Definition at line 1013 of file binarize.c.

◆ pixThresholdByHisto()

l_ok pixThresholdByHisto ( PIX pixs,
l_int32  factor,
l_int32  halfw,
l_float32  delta,
l_int32 *  pthresh,
PIX **  ppixd,
PIX **  ppixhisto 
)

pixThresholdByHisto()

Parameters
[in]pixsgray 8 bpp, no colormap
[in]factorsubsampling factor >= 1
[in]halfwhalf of window width for smoothing; use 0 for default
[in]deltarelative amount to resolve peaks and valleys; in (0 ... 1], use 0 for default
[out]pthreshbest global threshold; 0 if no threshold is found
[out]ppixd[optional] thresholded 1 bpp pix
[out]ppixhisto[optional] rescaled histogram of gray values
Returns
0 if OK, 1 on error or if no threshold is found
Notes:
     (1) This finds a global threshold.  It is best for an image that
         has a fairly well-defined fg and bg.
     (2) If it finds a good threshold and ppixd is defined, the binarized
         image is returned in  otherwise it return null.
     (3) Suggest using default values for half and delta.
     (4) Returns 0 in pthresh if it can't find a good threshold.
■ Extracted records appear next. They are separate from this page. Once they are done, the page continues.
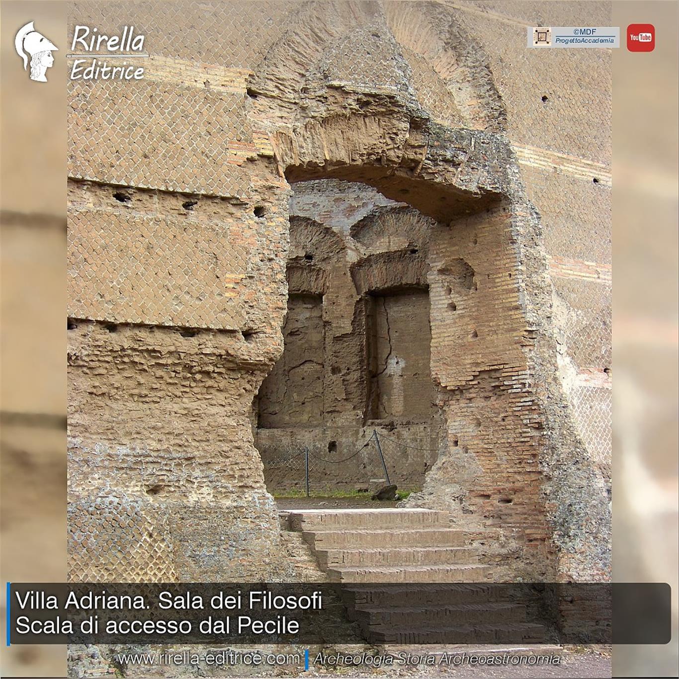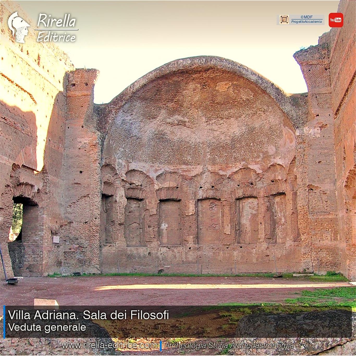La Sala dei Filosofi si trova in una posizione intermedia fra la parte "pubblica" della Villa, cioè la grande piazza del Pecile e quella "privata", ovvero il Teatro Marittimo ed il Palazzo imperale.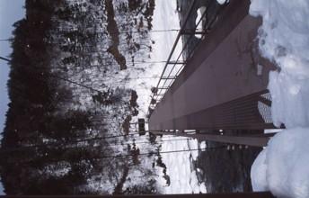 / 橋,吊り橋,山,木,植物,雪,冬,空,川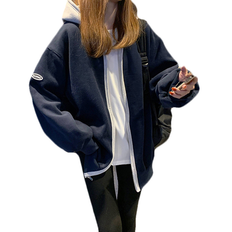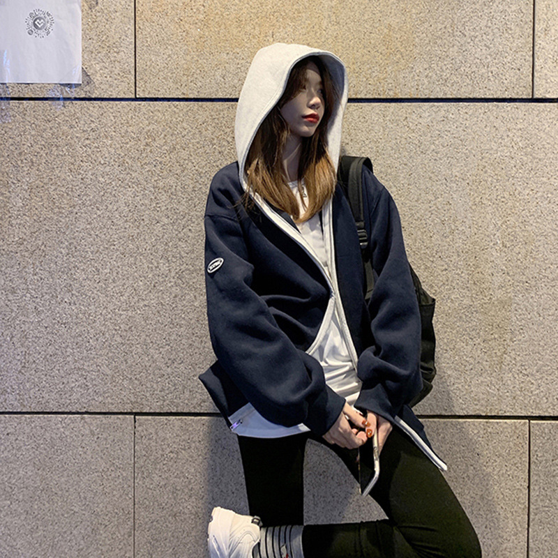 Главная страница > Кардиган, свитер с капюшоном, женская утепленная куртка на флисовой подкладке, свободная большая версия, топ в американском стиле в стиле ретро, KFWQ2287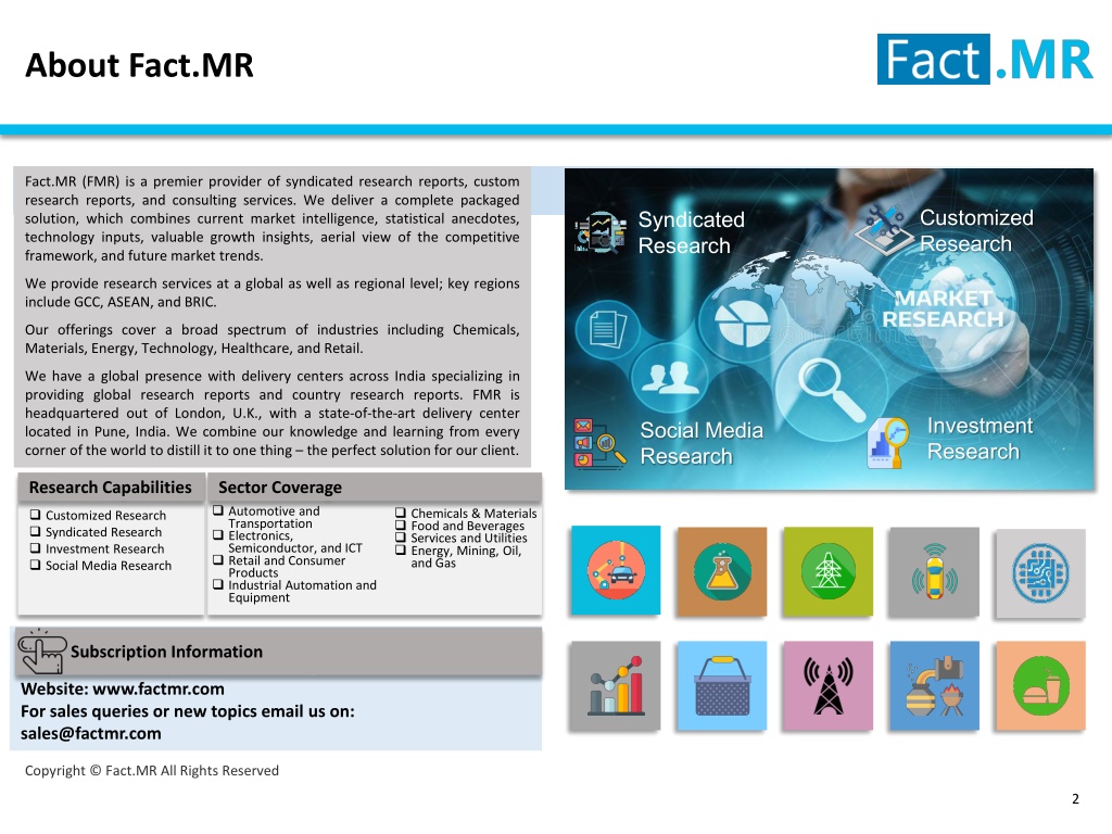 About Fact.MR Fact.MR (FMR) is a premier provider of syndicated research reports, custom research reports, and consulting services. We deliver a complete packaged solution, which combines current market intelligence, statistical anecdotes, technology inputs, valuable growth insights, aerial view of the competitive framework, and future market trends. We provide research services at a global as well as regional level; key regions include GCC, ASEAN, and BRIC. Our offerings cover a broad spectrum of industries including Chemicals, Materials, Energy, Technology, Healthcare, and Retail. We have a global presence with delivery centers across India specializing in providing global research reports and country research reports. FMR is headquartered out of London, U.K., with a state-of-the-art delivery center located in Pune, India. We combine our knowledge and learning from every corner of the world to distill it to one thing – the perfect solution for our client. Social Media Research Customized Research Syndicated Research Investment Research Research Capabilities Sector Coverage • Automotive and Transportation • Electronics, Semiconductor, and ICT • Retail and Consumer Products • Industrial Automation and Equipment • Customized Research • Syndicated Research • Investment Research • Social Media Research • Chemicals & Materials • Food and Beverages • Services and Utilities • Energy, Mining, Oil, and Gas For detailed subscription information please contact Website: www.factmr.com For sales queries or new topics email us on: sales@factmr.com Subscription Information Copyright © Fact.MR All Rights Reserved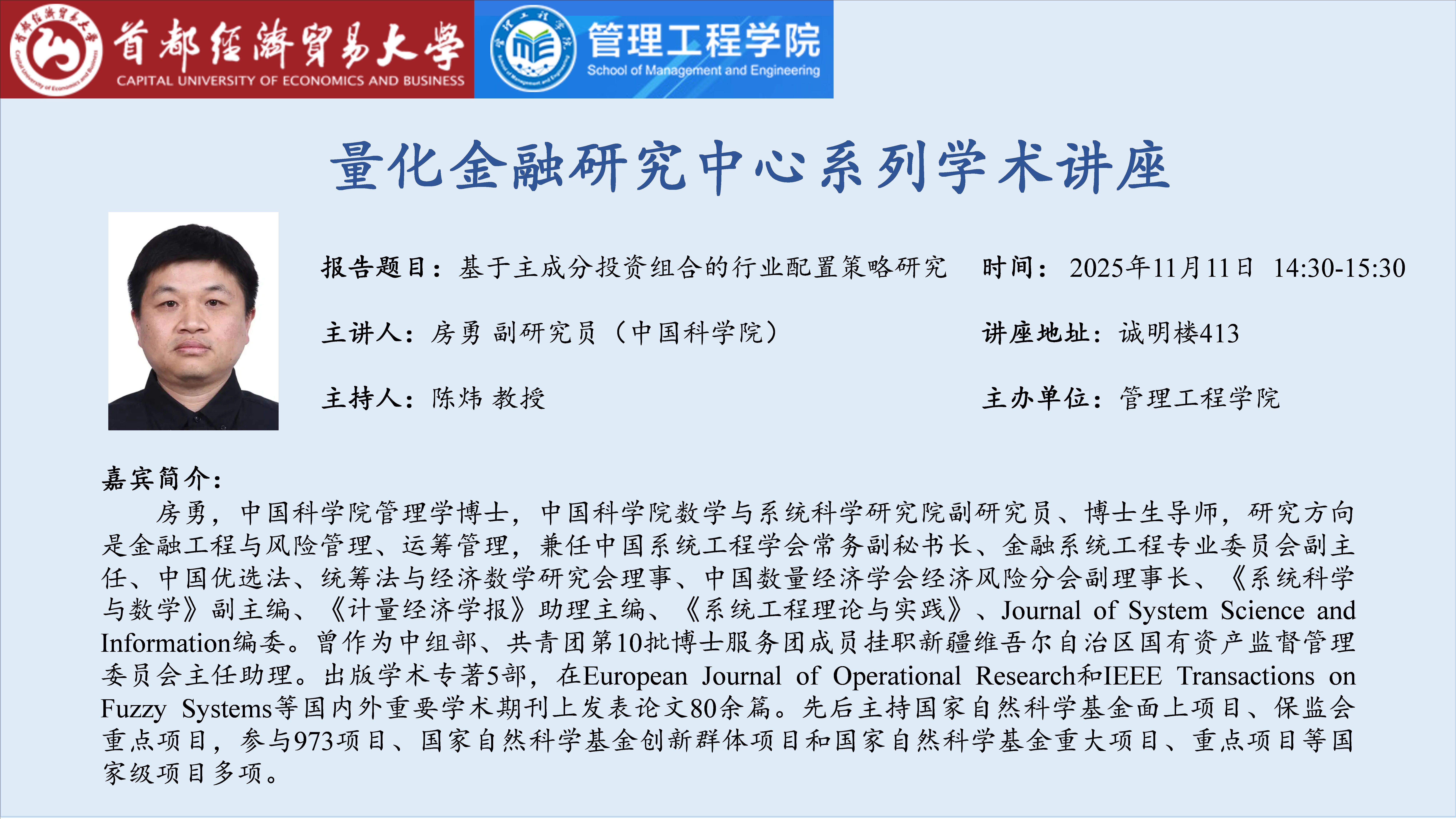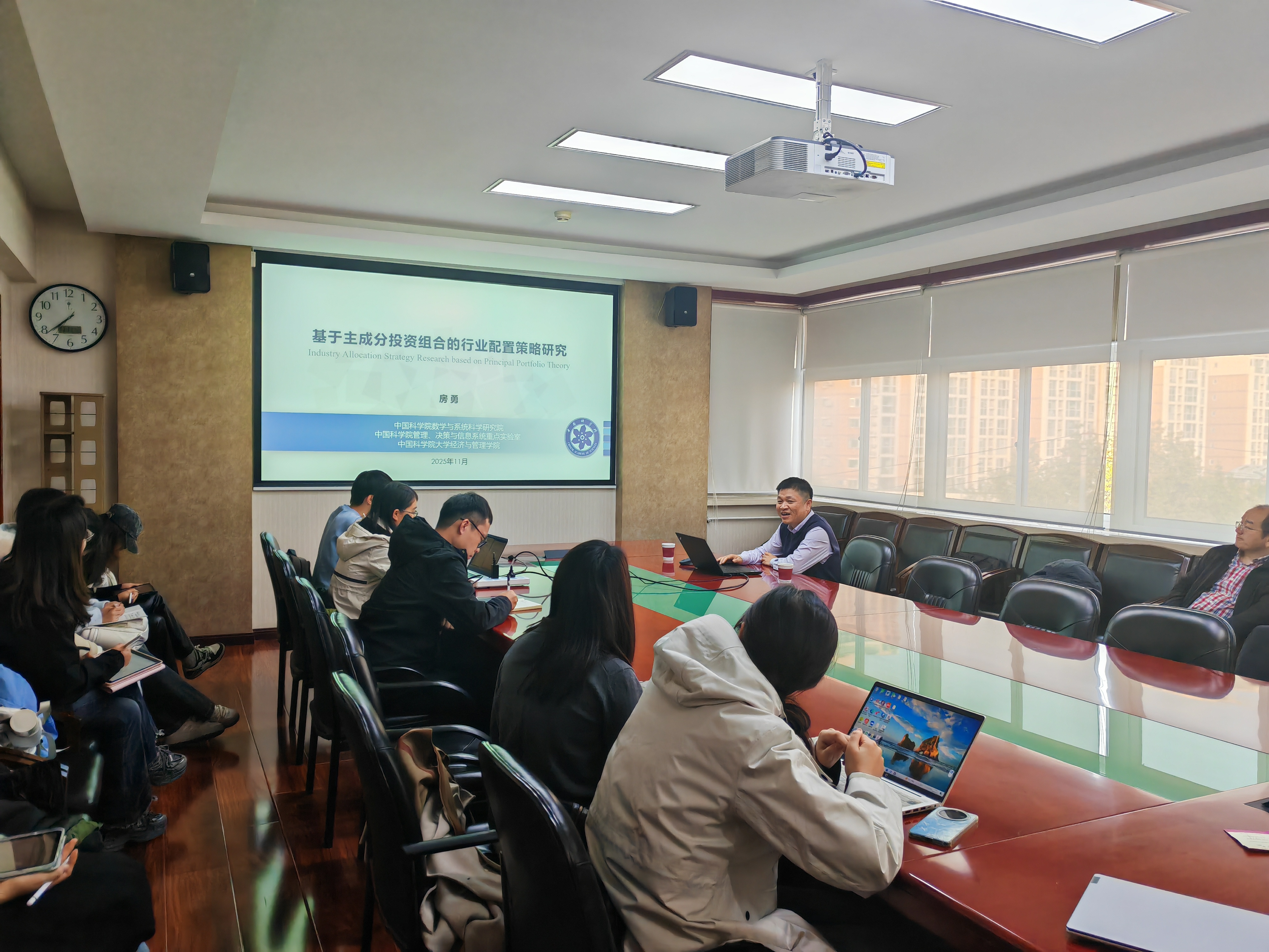 2025年11月11日下午,中国科学院数学与系统科学研究院房勇副研究员在诚明楼413会议室作了题为“基于主成分投资组合的行业配置策略研究”的学术讲座。本次讲座由首都经济贸易大学管理工程学院量化金融研究中心主办,研究中心多位教师及硕博研究生共同参与。

Definition at line 1169 of file binarize.c.

◆ pixThreshOnDoubleNorm()

PIX* pixThreshOnDoubleNorm ( PIX pixs,
l_int32  mindiff 
)

pixTheshOnDoubleNorm()

Parameters
[in]pixs8 or 32 bpp
[in]mindiffminimum diff to accept as valid in contrast normalization. Use ~130 for noisy images.
Returns
pixd 1 bpp thresholded image, or NULL on error
Notes:
     (1) This composite operation is good for adaptively removing
         dark background.
     (2) The threshold for the binarization uses an estimate based
         on Otsu adaptive thresholding.

Definition at line 920 of file binarize.c.